We can even implement the iterator pattern for our List<T>:

      class Iterator {
            private:
                nodePtr curr;
                ListPool<T, int> pool;
            public:
                Iterator(nodePtr head, ListPool<T,int>& lp) {
                    curr = head;
                    pool = lp;
                }
                T& operator*() {
                    return pool.value(curr);
                }
                Iterator operator++() {
                    curr = pool.next(curr);
                    return *this;
                }
                Iterator operator++(int) {
                    auto it = *this;
                    ++*this;
                    return it;
                }
                bool operator==(const Iterator& o) noexcept {
                    return pool == o.pool && curr == o.curr;
                }
                bool operator!=(const Iterator& o) noexcept {
                    return !(*this==o);
                }
        };
        Iterator begin() {
            return Iterator(head, pool);
        }
        Iterator end() {
            return Iterator(pool.end(), pool);
        }
};

All right let’s take the List for a test drive, make sure it’s working as we expect…

template <class T>
void print(List<T>& list) {
    for (auto it = list.begin(); it != list.end(); ++it) {
        cout<<*it;
    }
    cout<<endl;
}


int main() {
    string sed = "a list with no malloc";
    List<char> ls;
    for (char c : sed) {
        ls.push_back(c);
    }
    print(ls);
    return 0;
}

max@MaxGorenLaptop:~/DS/Algorithms$ ./listpool
a list with no malloc
max@MaxGorenLaptop:~/DS/Algorithms$

Excellent!

Other List Base Structures

We could implement other List based structures such as a Queue or Stack in a similar fashion to List, or – we can use List<T> its self to implement them directly. Option two makes our lives very easy:

 template <class T>
class Queue {
    private:
        List<T> __list;
    public:
        Queue() {

        }
        ~Queue() {

        }
        void push(T info) {
            __list.push_back(info);
        }
        T& top() {
            return (*__list.begin());
        }
        T pop() {
            return __list.pop_front();
        }
        bool isEmpty() {
            return __list.isEmpty();
        }
        int size() {
            return __list.size();
        }
};

template <class T>
class Stack {
    private:
        List<T> __list;
    public:
        Stack() { }
        ~Stack() { }
        void push(T info) {
            __list.push_front(info);
        }
        T& top() {
            return (*__list.begin());
        }
        T pop() {
            return __list.pop_front();
        }
        bool isEmpty() {
            return __list.isEmpty();
        }
        int size() {
            return __list.size();
        }
};

We’re not restricted by this technique to only list based structures but as I mentioned above, if we want a pool of a different node type, we will have to implement it’s own pool allocator.

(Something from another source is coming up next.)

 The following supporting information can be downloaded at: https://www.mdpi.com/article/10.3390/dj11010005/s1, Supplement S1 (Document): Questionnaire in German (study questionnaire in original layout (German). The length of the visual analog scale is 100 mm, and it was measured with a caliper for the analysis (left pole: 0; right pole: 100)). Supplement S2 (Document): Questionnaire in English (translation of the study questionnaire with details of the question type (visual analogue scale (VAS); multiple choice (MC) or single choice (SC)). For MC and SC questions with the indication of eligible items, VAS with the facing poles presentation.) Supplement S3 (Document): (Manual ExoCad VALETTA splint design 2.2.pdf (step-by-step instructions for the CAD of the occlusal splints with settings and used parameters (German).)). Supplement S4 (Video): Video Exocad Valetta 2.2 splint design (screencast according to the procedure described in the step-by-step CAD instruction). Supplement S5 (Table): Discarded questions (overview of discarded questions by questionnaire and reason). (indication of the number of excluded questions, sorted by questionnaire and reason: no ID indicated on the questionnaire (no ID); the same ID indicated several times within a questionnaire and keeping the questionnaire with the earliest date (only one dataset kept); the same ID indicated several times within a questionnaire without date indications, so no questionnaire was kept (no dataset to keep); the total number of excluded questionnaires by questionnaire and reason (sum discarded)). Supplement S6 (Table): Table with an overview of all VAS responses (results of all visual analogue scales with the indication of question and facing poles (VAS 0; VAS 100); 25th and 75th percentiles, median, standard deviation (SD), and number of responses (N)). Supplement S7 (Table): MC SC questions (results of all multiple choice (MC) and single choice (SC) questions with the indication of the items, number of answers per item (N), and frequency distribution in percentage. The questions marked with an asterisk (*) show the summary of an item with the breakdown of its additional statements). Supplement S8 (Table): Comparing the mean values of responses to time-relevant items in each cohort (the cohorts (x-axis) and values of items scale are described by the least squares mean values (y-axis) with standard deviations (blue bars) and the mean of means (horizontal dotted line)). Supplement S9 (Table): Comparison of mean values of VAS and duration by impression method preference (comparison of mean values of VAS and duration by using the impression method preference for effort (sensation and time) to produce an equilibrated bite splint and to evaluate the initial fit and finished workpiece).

A Pool Allocator For Binary Trees

Having warmed up with a singly linked list, It’s time to spice things up a bit. To show how other types of linked structures can be implemented with Pool allocators, we will adapt the same pattern to implement a (Left Leaning) Red Black Tree. We proceed much the same as we did previously, however where previously we only needed accessors for value and next, more complex data structures require more accessor methods.

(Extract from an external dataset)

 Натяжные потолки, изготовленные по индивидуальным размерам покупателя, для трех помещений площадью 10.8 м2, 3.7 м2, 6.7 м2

template <typename K, typename V, typename N = std::size_t>
class TreePool {
    public:
        typedef N nodePtr;
        typedef K key_type;
        typedef V value_type;
        typedef bool color_type;
    private:
        struct node_t {
            key_type key;
            value_type value;
            color_type color;
            nodePtr left;
            nodePtr right;
            bool operator==(const node_t& o) const {
                return key == o.key;
            }
            bool operator!=(const node_t& o) {
                return !(*this==o);
            }
        };
        std::vector<node_t> pool;
        nodePtr free_list;
    public:
        tree_pool() {
            free_list = empty();
        }
        ~tree_pool() {

        }

I’ve also added a method for initializing the free list with nodes. This may seem odd, but remember that nodes don’t get added to the free list until they have been freed. However, grabbing a node of the free list is much faster than instantiating a new node and adding it to the pool when needed.

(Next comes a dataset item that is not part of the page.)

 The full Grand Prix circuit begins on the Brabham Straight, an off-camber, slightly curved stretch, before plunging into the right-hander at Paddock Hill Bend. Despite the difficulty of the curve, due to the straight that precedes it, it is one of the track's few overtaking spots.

        void initfreelist(int initsize) {
            for (int i = 0; i < initsize; i++) {
                nodePtr t = new_node();
                free(t);
            }
        }

The first adaptation we are going to make is with regards to maintaining the free list. because our node structure does not have a ‘next’ field, instead of adding an additional field, we will re-use the ‘right’ pointer for that purpose when hooking a node into the free list. This way we can leave the rest of the free list code unchanged.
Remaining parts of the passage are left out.